Stroke-related tissue damage within lesioned brain areas is topologically non-uniform and has underlying tissue composition changes that may have important implications for rehabilitation. However, we know of no uniformly accepted, objective non-invasive methodology to identify pericavitational areas within the chronic stroke lesion. To fill this gap, we propose a novel magnetic resonance imaging (MRI) methodology to objectively quantify the lesion core and surrounding pericavitational perimeter, which we call tissue integrity gradation via T2w T1w ratio (TIGR). TIGR uses standard T1-weighted (T1w) and T2-weighted (T2w) anatomical images routinely collected in the clinical setting. TIGR maps are analyzed with relation to subject-specific gray matter and cerebrospinal fluid thresholds and binned to create a false colormap of tissue damage within the stroke lesion, and these are further categorized into low-, medium-, and high-damage areas. We validate TIGR by showing that the cerebral blood flow within the lesion reduces with greater tissue damage (p = 0.005). We further show that a significant task activity can be detected in pericavitational areas and that medium-damage areas contain a significantly lower magnitude of hemodynamic response function than the adjacent damaged areas (p < 0.0001). We also demonstrate the feasibility of using TIGR maps to extract multivariate brain–behavior relationships (p < 0.05) and show general agreement in location compared to binary lesion, T1w-only, and T2w-only maps but that the extent of brain behavior maps may depend on signal sensitivity as denoted by the sparseness coefficient (p < 0.0001). Finally, we show the feasibility of quantifying TIGR in early and late subacute stroke phases, where higher-damage areas were smaller in size (p = 0.002) and that lesioned voxels transition from lower to higher damage with increasing time post-stroke (p = 0.004). We conclude that TIGR is able to (1) identify tissue damage gradient within the stroke lesion across different post-stroke timepoints and (2) more objectively delineate lesion core from pericavitational areas wherein such areas demonstrate reasonable and expected physiological and functional impairments. Importantly, because T1w and T2w scans are routinely collected in the clinic, TIGR maps can be readily incorporated in clinical settings without additional imaging costs or patient burden to facilitate decision processes related to rehabilitation planning.

Introduction

Histological evidence points to a gradient of damage within stroke lesions (Liebeskind, 2003; Bang et al., 2008; Sofroniew, 2009; Campbell et al., 2013; Anderson et al., 2014; Burda and Sofroniew, 2014; Adams and Gallo, 2018), leading to underlying tissue composition changes that shape cortical reorganization (Brown et al., 2008). A challenge to rehabilitation after stroke is non-invasively identifying the “pericavitational” perimeter, defined as damaged tissue within the lesion that may still contain living cell bodies (Anderson et al., 2014; Burda and Sofroniew, 2014; Adams and Gallo, 2018). The pericavitational perimeter is an important potential resource for rehabilitation because functional recovery can stimulate re-sprouting of neural dendrites that were lost due to stroke (Brown et al., 2007). Remapping of pericavitational areas may depend on reengaging damaged yet viable areas (Murphy and Corbett, 2009), especially because lost function is more likely remapped to pericavitational areas that encode similar functions (Brown et al., 2009). Therefore, we envision that non-invasive identification of viable pericavitational areas may provide a new set of targets to engage during stroke rehabilitation.

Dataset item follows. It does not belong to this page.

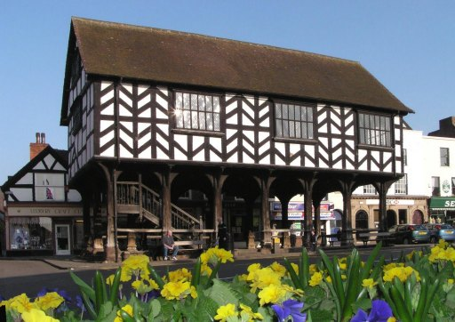 Ledbury Market House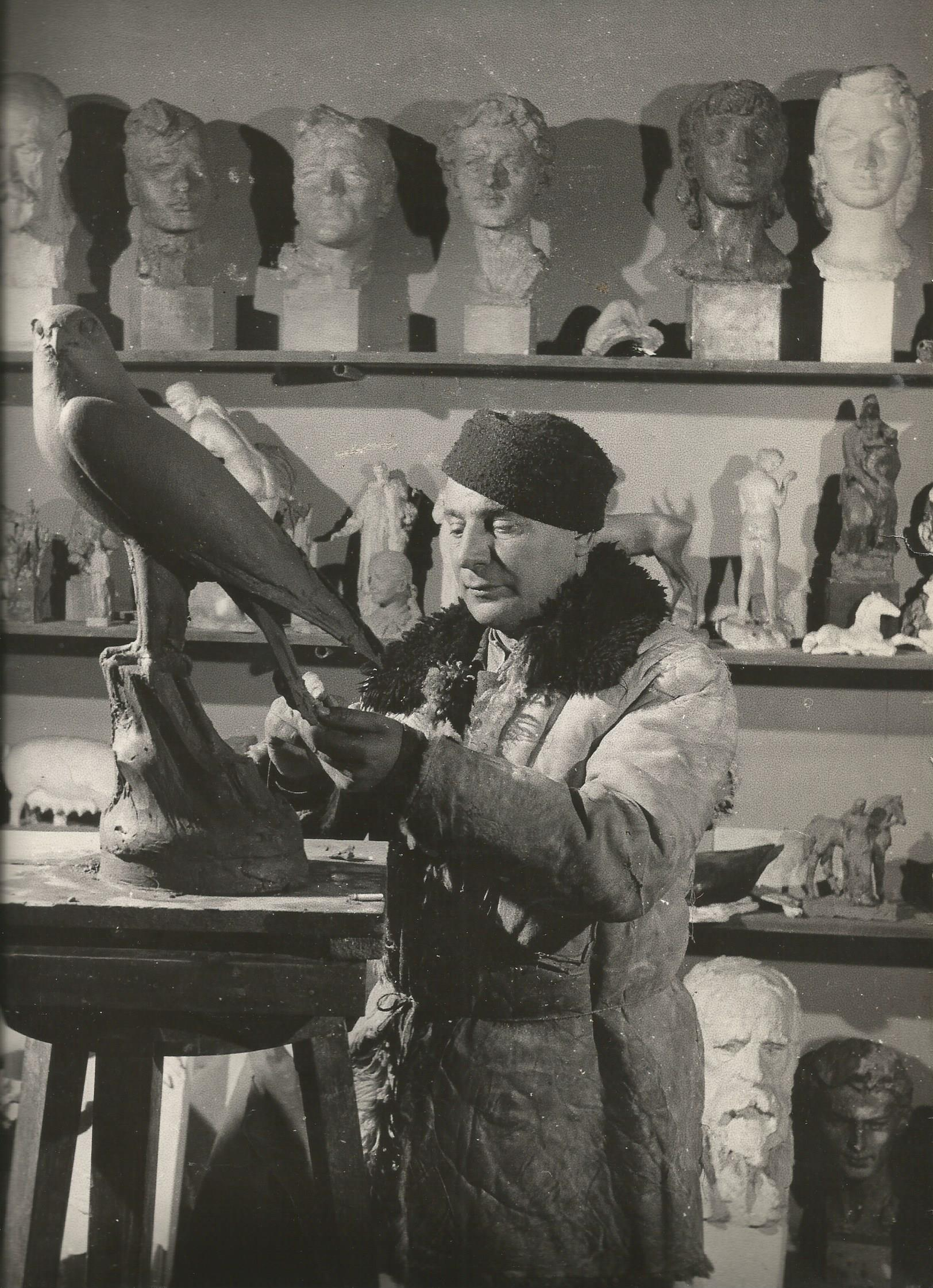 Art by Antonín Kalvoda, Czech academic sculptor (1907–1974)

Multiple factors can promote stroke recovery, including treatments that foster neuroplasticity (Laska et al., 2001; Hamilton et al., 2011), non-invasive brain stimulation and behavioral manipulations that engage or suppress specific cortices (Hamilton et al., 2011; Crosson et al., 2019), and recruitment of lesioned and perilesional brain regions (Hamilton et al., 2011). Some studies suggest that perilesional areas reacquire function in the weeks and months following an injury. In animal models of acute stroke, neuroplasticity was enhanced in perilesional areas where neural sprouting occurred (Brown et al., 2007, 2009; Murphy and Corbett, 2009).

To harness the rehabilitation potential of the pericavitational perimeter, these areas must first be identified. We know of no universally accepted objective non-invasive method to identify pericavitational areas within a lesion, representing a significant gap to understanding and possibly improving stroke recovery. T1-weighted (T1w) and T2-weighted (T2w) anatomical magnetic resonance imaging (MRI) scans show signal changes in chronic stroke lesions compared to healthy tissue. Stroke-induced changes of brain tissue composition have a direct and pronounced impact on tissue T1 and T2, either because the water content has increased (fluid-filled cyst) or because the underlying cellular profile has changed (demyelination, Wallerian degeneration, and proliferation of reactive astrocytes and microglia). In effect, high-resolution T1w and T2w anatomical MRI scans are good candidates to non-invasively detect and classify gradients of tissue damage within the chronic stroke lesion and have the potential to non-invasively classify cavitation versus pericavitational perimeter.

Most stroke studies use a binary approach to delineate damaged areas as compared to spared regions or, stated simply: brain regions are treated as essentially good or gone. In this study, we develop a novel method, called tissue integrity gradation via T2w T1w ratio (TIGR), to identify pericavitational areas in chronic stroke lesions. We hypothesize that TIGR can identify pericavitational areas in chronic stroke regions and that cerebral blood flow (CBF) correlates with TIGR-classified tissue damage, thereby non-invasively validating TIGR. We also hypothesize that a significant task functional MRI (fMRI) activity can be observed in pericavitational areas identified by TIGR. We also hypothesize that TIGR can be used to generate brain–behavior maps. Finally, although developed in chronic stroke lesions, we hypothesize that TIGR can be applied to early and late subacute stroke lesions.

Materials and Methods

General Procedures

The data were from 35 mono-lingual English-speaking subjects with aphasia (age range, 35–92 years old) who were >6 months post left-hemisphere stroke (range of time since stroke, 0.8–17.3 years). The participants were excluded if they presented with a history of mental health disorders or other neurological disorders. Evidence of aphasia was determined by Western Aphasia Battery—Revised (WAB) AQ (range, 27.4–96.8) and clinical impressions of the strengths and weaknesses in language function of the subjects as judged by experienced and certified speech–language pathologists (ADR or SMH; see Supplementary Table 1). The subjects participated in an MRI session and a language assessment session which included the administration of the WAB (Kertesz, 2007). The raw scores from the WAB Spontaneous Speech, Auditory Comprehension, and Repetition subtests were used as the continuous language behavior scores in this study.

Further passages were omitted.